## Available data
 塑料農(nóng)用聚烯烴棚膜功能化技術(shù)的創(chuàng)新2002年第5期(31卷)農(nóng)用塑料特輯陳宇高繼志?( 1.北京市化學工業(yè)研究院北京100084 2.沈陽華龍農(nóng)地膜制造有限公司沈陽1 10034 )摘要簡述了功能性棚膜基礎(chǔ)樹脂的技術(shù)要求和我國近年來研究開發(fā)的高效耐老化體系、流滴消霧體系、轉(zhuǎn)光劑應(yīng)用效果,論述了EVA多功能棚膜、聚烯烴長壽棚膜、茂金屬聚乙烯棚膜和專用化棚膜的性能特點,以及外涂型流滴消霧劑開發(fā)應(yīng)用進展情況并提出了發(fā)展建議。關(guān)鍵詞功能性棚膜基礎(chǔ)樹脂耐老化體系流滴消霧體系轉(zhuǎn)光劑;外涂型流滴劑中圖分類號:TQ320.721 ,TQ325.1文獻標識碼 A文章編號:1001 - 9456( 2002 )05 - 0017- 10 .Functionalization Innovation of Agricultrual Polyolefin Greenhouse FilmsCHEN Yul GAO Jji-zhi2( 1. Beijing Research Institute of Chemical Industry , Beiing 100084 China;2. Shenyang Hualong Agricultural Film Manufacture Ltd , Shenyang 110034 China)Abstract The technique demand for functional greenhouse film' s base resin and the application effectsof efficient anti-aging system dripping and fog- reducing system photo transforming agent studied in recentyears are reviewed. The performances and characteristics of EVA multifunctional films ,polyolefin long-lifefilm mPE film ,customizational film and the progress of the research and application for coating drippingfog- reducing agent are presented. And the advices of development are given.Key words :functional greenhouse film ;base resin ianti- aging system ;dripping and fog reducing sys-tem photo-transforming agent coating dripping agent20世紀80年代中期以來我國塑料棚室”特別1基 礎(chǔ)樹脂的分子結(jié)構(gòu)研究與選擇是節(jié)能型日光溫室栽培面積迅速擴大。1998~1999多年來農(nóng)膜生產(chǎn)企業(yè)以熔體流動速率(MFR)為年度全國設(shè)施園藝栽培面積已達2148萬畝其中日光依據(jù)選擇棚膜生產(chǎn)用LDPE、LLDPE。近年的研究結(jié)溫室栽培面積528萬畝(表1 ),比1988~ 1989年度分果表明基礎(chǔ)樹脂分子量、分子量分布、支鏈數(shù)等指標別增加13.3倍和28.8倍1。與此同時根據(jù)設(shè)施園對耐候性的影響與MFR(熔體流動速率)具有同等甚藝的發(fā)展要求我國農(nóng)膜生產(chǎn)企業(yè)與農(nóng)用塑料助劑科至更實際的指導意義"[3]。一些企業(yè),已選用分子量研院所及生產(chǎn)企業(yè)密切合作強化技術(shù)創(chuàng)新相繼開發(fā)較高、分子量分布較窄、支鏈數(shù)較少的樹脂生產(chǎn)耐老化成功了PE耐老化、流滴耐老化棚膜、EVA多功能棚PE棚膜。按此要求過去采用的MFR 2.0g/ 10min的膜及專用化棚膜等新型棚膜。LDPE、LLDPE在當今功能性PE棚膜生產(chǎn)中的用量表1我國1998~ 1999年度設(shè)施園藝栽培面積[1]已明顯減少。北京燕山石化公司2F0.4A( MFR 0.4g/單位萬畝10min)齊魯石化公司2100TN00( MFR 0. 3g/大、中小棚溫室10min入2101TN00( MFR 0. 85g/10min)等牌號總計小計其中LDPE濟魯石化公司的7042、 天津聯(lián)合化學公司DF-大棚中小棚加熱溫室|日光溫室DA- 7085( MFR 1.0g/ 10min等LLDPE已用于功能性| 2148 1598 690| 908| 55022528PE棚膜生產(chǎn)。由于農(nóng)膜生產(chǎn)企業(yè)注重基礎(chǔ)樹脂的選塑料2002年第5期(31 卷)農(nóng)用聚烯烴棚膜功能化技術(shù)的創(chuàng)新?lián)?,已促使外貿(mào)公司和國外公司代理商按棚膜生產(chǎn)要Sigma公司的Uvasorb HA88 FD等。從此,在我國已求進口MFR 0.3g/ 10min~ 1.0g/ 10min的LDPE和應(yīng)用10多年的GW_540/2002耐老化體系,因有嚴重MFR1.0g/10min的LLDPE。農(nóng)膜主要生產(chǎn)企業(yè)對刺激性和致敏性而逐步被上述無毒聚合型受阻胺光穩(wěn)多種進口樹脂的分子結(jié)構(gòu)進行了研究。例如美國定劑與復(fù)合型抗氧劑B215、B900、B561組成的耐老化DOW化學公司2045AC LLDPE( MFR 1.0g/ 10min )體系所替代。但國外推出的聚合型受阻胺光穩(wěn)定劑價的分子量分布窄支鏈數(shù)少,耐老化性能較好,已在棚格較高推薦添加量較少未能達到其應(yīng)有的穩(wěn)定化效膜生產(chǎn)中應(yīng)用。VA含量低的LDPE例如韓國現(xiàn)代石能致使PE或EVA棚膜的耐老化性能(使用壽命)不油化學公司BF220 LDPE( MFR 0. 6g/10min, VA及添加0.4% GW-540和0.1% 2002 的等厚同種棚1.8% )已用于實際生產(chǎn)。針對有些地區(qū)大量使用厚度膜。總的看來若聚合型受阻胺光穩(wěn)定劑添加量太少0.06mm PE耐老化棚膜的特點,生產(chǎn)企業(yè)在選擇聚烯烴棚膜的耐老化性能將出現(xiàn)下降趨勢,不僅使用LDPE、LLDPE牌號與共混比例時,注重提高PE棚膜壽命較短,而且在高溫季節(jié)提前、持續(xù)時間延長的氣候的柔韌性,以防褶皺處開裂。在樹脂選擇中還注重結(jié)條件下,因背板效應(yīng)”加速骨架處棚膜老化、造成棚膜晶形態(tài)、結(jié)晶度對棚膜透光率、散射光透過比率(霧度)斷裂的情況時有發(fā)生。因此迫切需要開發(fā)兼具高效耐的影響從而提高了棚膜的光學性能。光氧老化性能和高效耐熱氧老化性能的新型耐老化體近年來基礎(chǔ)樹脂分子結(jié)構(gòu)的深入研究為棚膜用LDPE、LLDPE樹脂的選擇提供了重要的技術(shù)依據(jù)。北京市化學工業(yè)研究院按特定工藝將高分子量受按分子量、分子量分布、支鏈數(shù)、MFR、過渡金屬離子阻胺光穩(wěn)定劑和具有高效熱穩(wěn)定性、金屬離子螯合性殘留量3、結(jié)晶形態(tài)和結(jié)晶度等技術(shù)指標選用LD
--
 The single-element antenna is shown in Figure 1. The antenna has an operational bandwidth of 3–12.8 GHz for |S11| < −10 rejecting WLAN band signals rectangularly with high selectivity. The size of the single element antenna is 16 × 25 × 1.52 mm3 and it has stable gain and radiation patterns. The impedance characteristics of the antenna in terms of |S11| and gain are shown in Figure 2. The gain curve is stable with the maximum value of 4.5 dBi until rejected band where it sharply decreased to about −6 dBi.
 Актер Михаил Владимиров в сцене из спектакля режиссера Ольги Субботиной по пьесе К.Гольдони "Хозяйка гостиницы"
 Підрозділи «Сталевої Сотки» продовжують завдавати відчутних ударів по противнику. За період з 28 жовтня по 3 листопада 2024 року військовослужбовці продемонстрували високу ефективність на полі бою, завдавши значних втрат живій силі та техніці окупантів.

## Assigned task
All lines in the data above from the one with "The single-element antenna" through the one with "Актер Михаил Владимиров" must be repeated exactly, and no others.

## Result of the exercise
 The single-element antenna is shown in Figure 1. The antenna has an operational bandwidth of 3–12.8 GHz for |S11| < −10 rejecting WLAN band signals rectangularly with high selectivity. The size of the single element antenna is 16 × 25 × 1.52 mm3 and it has stable gain and radiation patterns. The impedance characteristics of the antenna in terms of |S11| and gain are shown in Figure 2. The gain curve is stable with the maximum value of 4.5 dBi until rejected band where it sharply decreased to about −6 dBi.
 Актер Михаил Владимиров в сцене из спектакля режиссера Ольги Субботиной по пьесе К.Гольдони "Хозяйка гостиницы"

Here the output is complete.